Academic preparedness is only one aspect of a student ready for college. Other life skills such as accountability and problem-solving need to be taught.
BY Hannah Buchholz
Academically preparing students for college is the minimum expectation parents should hold for a high school. But, these days, students need so much more than academic readiness when they graduate. High school is a time to bridge the gap into adulthood. Parents should expect high schools to teach life skills such as accountability, ownership of mistakes, and time management.
Think back to your college years. How much success in your college career depended on your academic preparedness? How much was contingent on life skills such as conflict resolution and work ethic?
Now think about your first job interviews. Did the interviewer have questions about your GPA, or did they ask you to give examples of your problem-solving skills?
It’s a tall order to prepare students equally for both life and academics, but that is where great high schools shine. Lutheran High believes that student success goes beyond the classroom into the development of a whole person. This is what it means to thrive, not merely survive in high school.
Bachelor degrees - even masters or Ph.D.s for that matter - don’t translate into post-graduate success. High schools that invest in the development of the whole person - academically, emotionally, and spiritually - will graduate more students ready for success in the real world.
Problem Solving in the Classroom
A successful adult can problem solve well. In turn, those adults will make a more significant impact on their communities.
In the world of Google, problem-solving in the classroom is taking on a very different shape. In an article by Teacher Vision, problem-solving involves three essential functions:
Just Google It
The seeking information - or the “just Google it” - function is only the first step. But, it’s also the step where most students stop. The next steps - generating new knowledge and making decisions based on that knowledge - are where the rubber meets the road in problem-solving. Teachers who can lead students beyond information seeking are who we would call "rockstars."
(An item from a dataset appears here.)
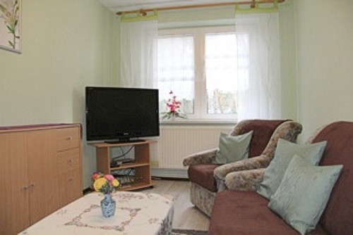 Sie unterteilt sich in einen Schlafraum, einen Wohnraum, eine Küche und ein Bad. Die Ferienwohnung ist beheizbar und kann deshalb ganzjährig genutzt werden.

Students who generate new knowledge or come up with their own solutions take responsibility for their education. They are active participants in the classroom. Each student brings a unique perspective to the problem. This leads to new insight into the problem and decisions based on their unique perspective.
The Opposite Approach
As Mr. Blomenberg shares, the style of teaching we try to avoid at LuHi is, “Students, the answer is A. What’s the answer? A.” Our goal is the opposite of teaching to a test or regurgitating information.
Students don’t need teachers to tell them answers; they already have devices at their fingertips to do that for them. All they have to say is, “Hey, Siri.” Information by itself is rather useless until it's applied.
Dynamic teachers do not rely on one method of getting information across to students. Lectures, group work, and hands-on projects all have a place in the classroom. Good teachers take steps beyond seeking information to generate new knowledge in students.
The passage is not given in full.